So I was reading an interview with a top-selling author today. I’m a fiend for author interviews, perspectives and fetishes, because I keep hoping to stumble across a secret to writing a successful book that goes beyond “actually sitting down and typing the story out of your head.” I’d love to hear someone offer a magic concoction that would pull all my words and nuances from the corners of my brain without making me sit at my desk. Sitting at my desk distracts me, especially now that there’s Twitter. (Author’s Note: I kid you not. Twitter is like crack for people looking to get distracted. I actually abandon my work to read what all my Twitners are having for lunch. And it enthralls me.)
Anyway, back to the published author. In this interview she tells us all that she can write a complete novel in TEN BUSINESS DAYS. For real.
Now, I’ve never read any of her books. I may have to get one from the library, though, just so I can see what a ten-day written wonder looks like. I’m betting she doesn’t rewrite each of her chapters twelve times.
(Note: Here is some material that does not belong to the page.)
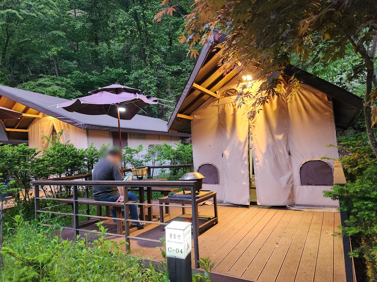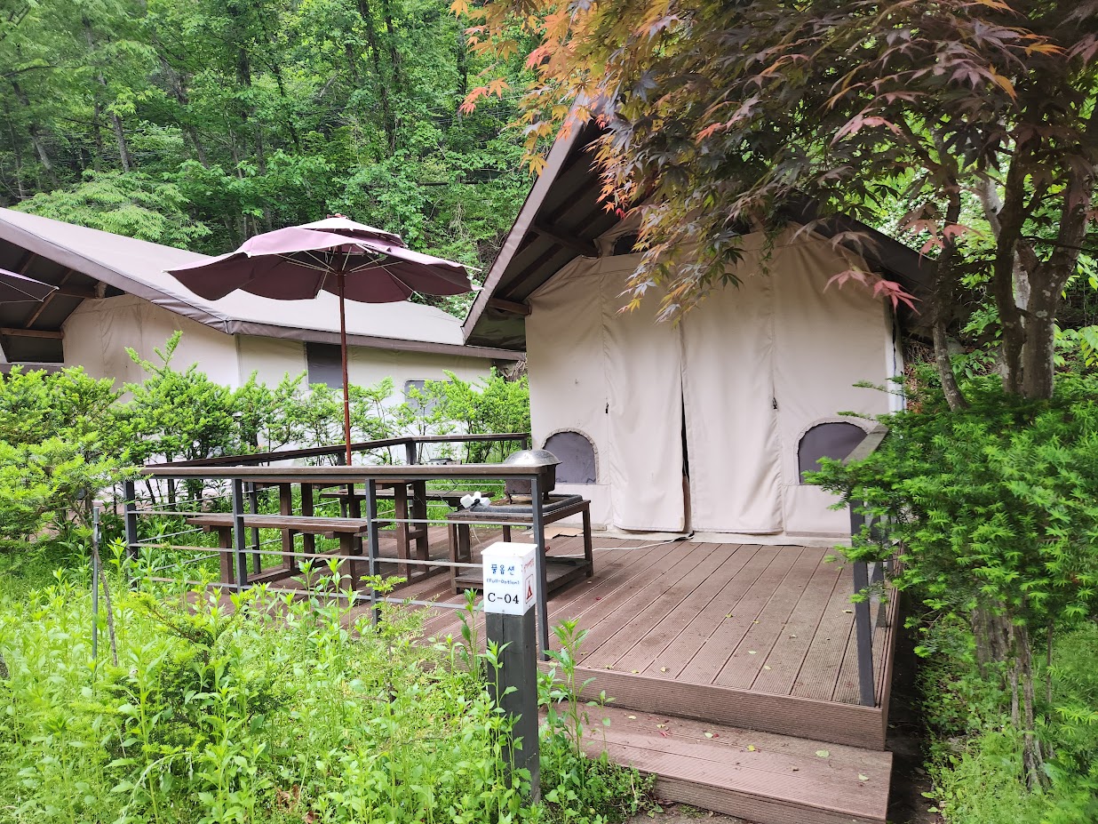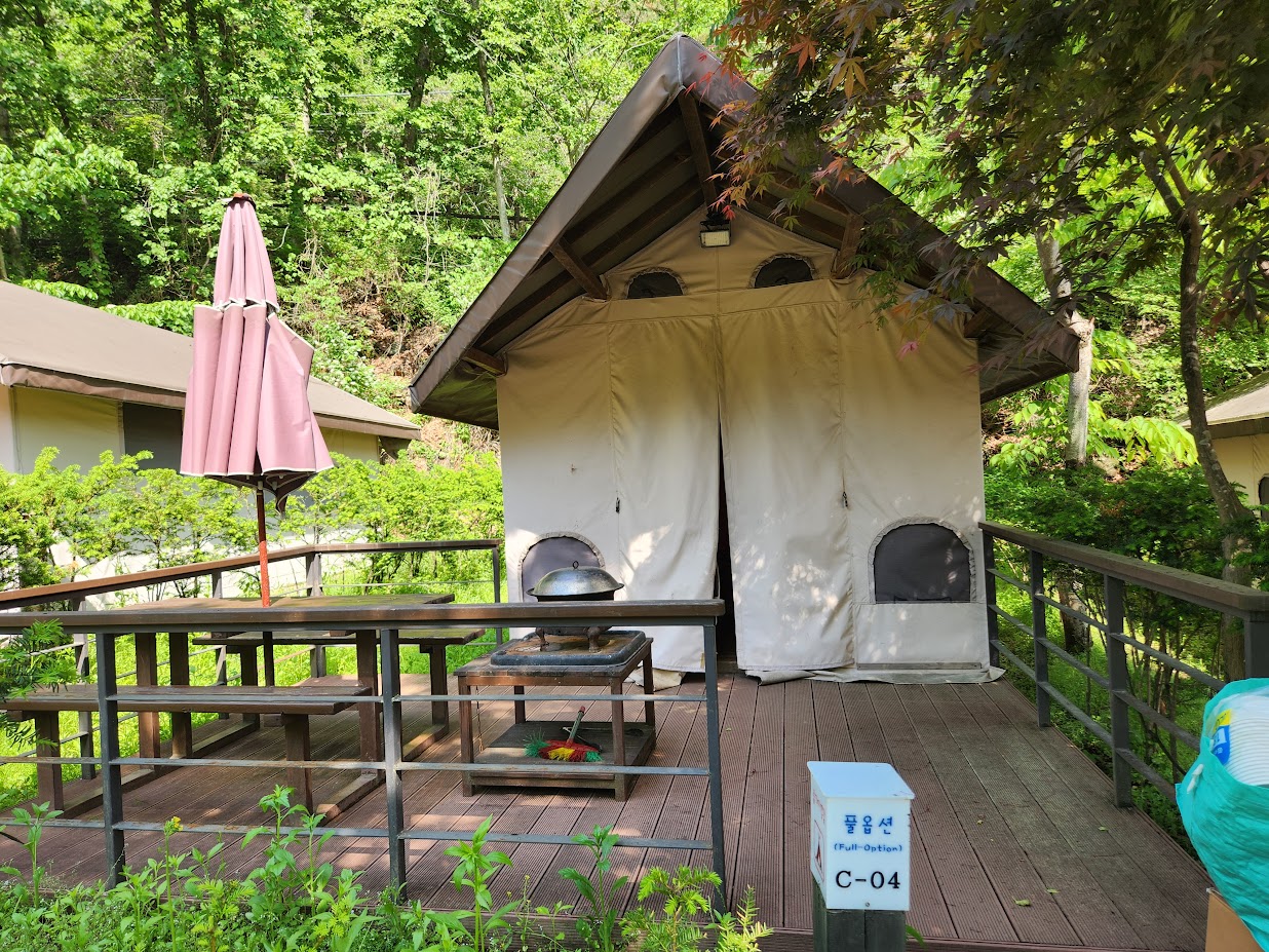 그렇지만 이 캠핑장의 꽃은 바로 산막텐트입니다. 가장 영지 수량도 많고 무엇보다 이 영지의 공식 명칭은 '풀옵션'입니다. 물론 이 말에 속으면 안 됩니다만, 이번에 잡은 것도 이 산막텐트입니다. 산막텐트라고 하지만 진짜 텐트는 아닌 가짜 텐트(?)에 가깝습니다. 반대편의 남천야영장의 산막텐트는 진짜 거실형 텐트지만 여기는 고정된 나무 프레임에 텐트 천을 씌워 놓은 준 하우스입니다.

She probably doesn’t spend a lot of time sketching out the houses where her characters live or drawing timelines with their family trees. Or reading about the history of Welsh pharmacology. That’s all the stuff I do for my various unfinished books.
Ten days. Wow.




Trollope used to do that. Of course, it shows (IMO).
I’m betting her books are all basically the same with different names for the characters.
Most anything can be done quickly if you’re following a formula.
Ten days… is that AFTER three years of research or actually stream-of-thought, crank-it-out production?
Is there a genre written in 140 character paragraphs? *grin*
Oh that’s nothing…VC Andrews can write books from beyond the grave!
Oh that’s nothing…VC Andrews can write books from beyond the grave!
J.R.R. Tolkien has that gift too. He needed it. It took him 89 years to complete Children of Hurin. Only 34 of those years were spent working while being dead. Works out to about a page every 100 days.